“The merely well-informed man is the most useless bore on God's earth.”
—Alfred North Whitehead
Everyone reading this wants to be more productive with their work, art, writing or other personal and professional pursuits. The best answer to accomplish this is very simple: actually show up and ship things. There’s a problem with this in modernity, because even for people who take their craft seriously, there’s a pernicious form of distraction all around us we don’t really talk about: education. And make no mistake, education can be a great thing.
But there’s a trap you can fall into if you are any sort of intellectual or creative person looking to do better work. The same person who wants to do more invariably wants to do better. And so with a near-infinite well of inspiration around us in the forms of videos, podcasts, books, even organized meet-ups with others in our field you can easily find and attend, it’s very possible you end up in an endless state of just learning. You might learn a lot. And you absolutely can develop very good theoretical ability and even great aesthetic doing this.
The problem is the main thing you actually need to be able to do, for any pursuit, is create. The danger in so much education is you could easily develop ambition so high, you find yourself frustrated you can’t sit down and actually do anything with it. Your inner mental state has evolved far beyond your ability to execute. That’s exceedingly frustrating, and a very modern kind of problem.
The risk for any of us here, with access to the best minds, the most content, the fanciest tools, is we never put in the reps. More learning than doing. And so you reach a stage you can critique the parts of the world you’re involved with, know what could be better, but because you’re unpracticed you never get into real flow experiences to build, so you never actually create anything that meets your ambition. You become a sharp critic and an impotent creator.
Again, AI here is a double edge sword: it can help slice through writer’s block of various forms, but used too soon has the effect of neutering your ability to do anything without it, as we discussed last week. Young people learning with the simplest tools possible is for sure the way forward, whatever the paper and pen equivalent is for your craft or sector. Professional pilots learn on a single-engine Cessna before a 747 for a reason. Others might sit around waiting, because “better AI” is always just around the corner (this is a fairly nihilistic state).
There’s many other areas we see this to be true with technology taking people away from places they should be. Young people have lost the ability to socialize because they didn’t get enough time with peers in physical spaces while young. We’re reversing this now, but for many it’s going to be extraordinarily difficult to learn those habits later (learning good habits while young has a massive advantage, as everyone knows this is the time your brain is the most plastic and malleable).
Any of us can succumb to this as well, even the well-intentioned who don’t procrastinate with TikTok or Instagram, they likely procrastinate by learning. And it feels good to those of us who have ambition because you probably are in fact learning things. I think the 80/20 rules applies, where 80% of the time spent in a craft is creating and 20% learning. You’d be practiced enough to regularly achieve a flow experience. You’re learning enough to not stagnate and actually improve.
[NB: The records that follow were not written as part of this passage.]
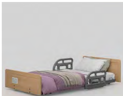
Floorline position Split folding grab rails (accessory)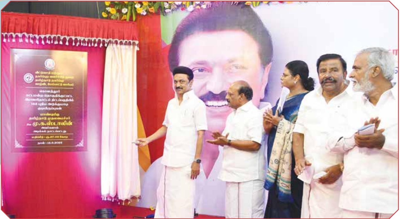
The Hon'ble Chief Minister of Tamil Nadu Thiru. M.K.Stalin laid the foundation stone for 162 multi-storied flats in the Rajathottam scheme area in Kolathur - 12.09.2023.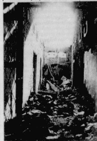
Photograph shows damage in the recent fire which caused $150,000 damage to buildings and equipment.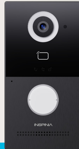
INS-SB24 Single Button Outdoor Unit

Enhance communication in your home or building with INSPINIA 's advanced intercom solutions, seamlessly integrated with smart home and building automation systems.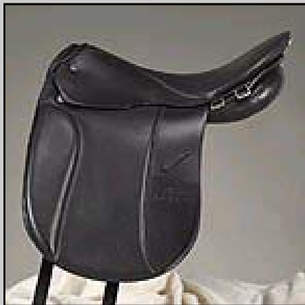
The 2005 Best Gaited Horse of Show at the Evergreen Gaited Horse Classic will receive a Stübben Gaited Pleasure Saddle donated by Noble Horse Saddlery.

Stübben, the world's largest hand-made saddle maker, recently expanded their line to include specialized saddles for the gaited horse breeds. More specifically, the Gaited Pleasure and Icelandic Saddles are getting overwhelming response in Europe, and well on their way to stardom here in North America.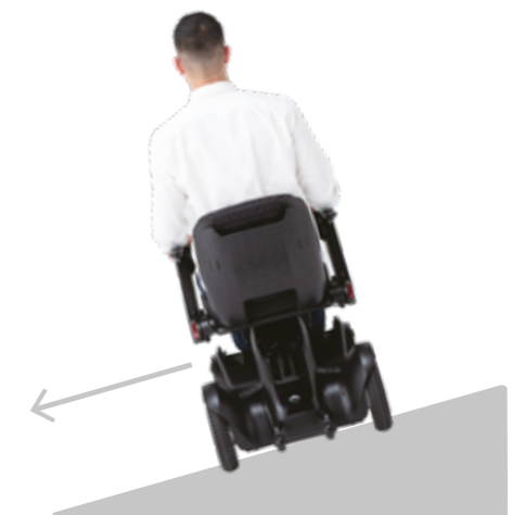
The WHILL Model C2 is designed to prevent drifting. Drive straight on a tilted path.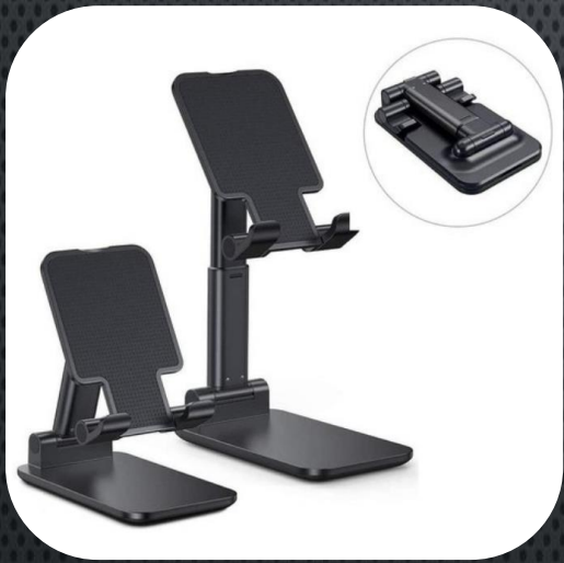
B 404 Foldable Metal Mobile Stand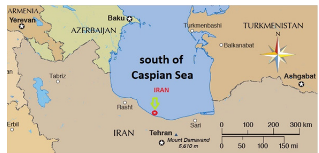
Figure 1 The South of Caspian Sea included in this study (A: fish farm).

This study was carried out in an offshore fish farm in the southern region of the Caspian Sea (36°, 47', 12" N and 51°, 7', 50. 2" E) with a distance of 5.6km from the coast in a water depth of 32m (Figure 1). This research was conducted in 2017-2018 in a marine farm in the central region of the southern Caspian Sea.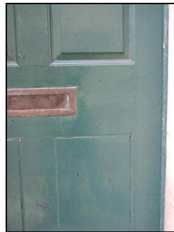
An example of a solid lower panel

It was common for the bottom panel(s) to be made of thicker timber and raised flush with the surrounding members making the base of the doors more able to withstand kicks and scuffs.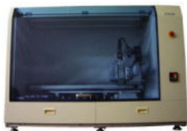
Microarrayer for DNA/Antibody/Protein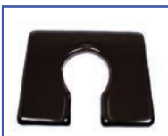
P60905 22"Wx18"D Ensolite® 1" foam Front/Rear Open Seat A-4.5"xB-7.75" opening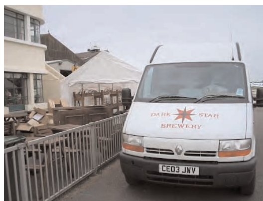
The first consignment of casks is about to be unloaded.

So, come 15th to 17th June, Coombes' population will more than quadruple for Glastonwick 2007 – which will feature 65 cask-conditioned ales, 10 Farmhouse ciders / perries, and 22 live bands, singer-

There’s an inverse here, you can spend time only doing, when some education or even feedback would be really helpful. For my own music, which I make in my free time, I was at 100% doing for many years (I’ve written 10 albums, although only share 6). If I choose to write another, I’m reasonably confident it would be better as I’ve now taken some time off to have perspective (this is a form of learning for an artist). I’ve never watched a tutorial on making music, post-production or listened to a composer podcast. Because I don’t want my style influenced by others. But I would have probably benefited from a small amount of that, too. Whereas with my work on internet companies, I’ve learned a lot from others, perhaps too much as I spend a lot of time on the education side. Anyway, I share this to give some personal perspective. Getting the balance right is difficult, but likely worth it.
As someone who graduated from 32nd grade, with two masters and a PhD, I appreciate this. I love learning, but in hindsight, probably should have done more doing.
I love this. Every inhale demands an exhale.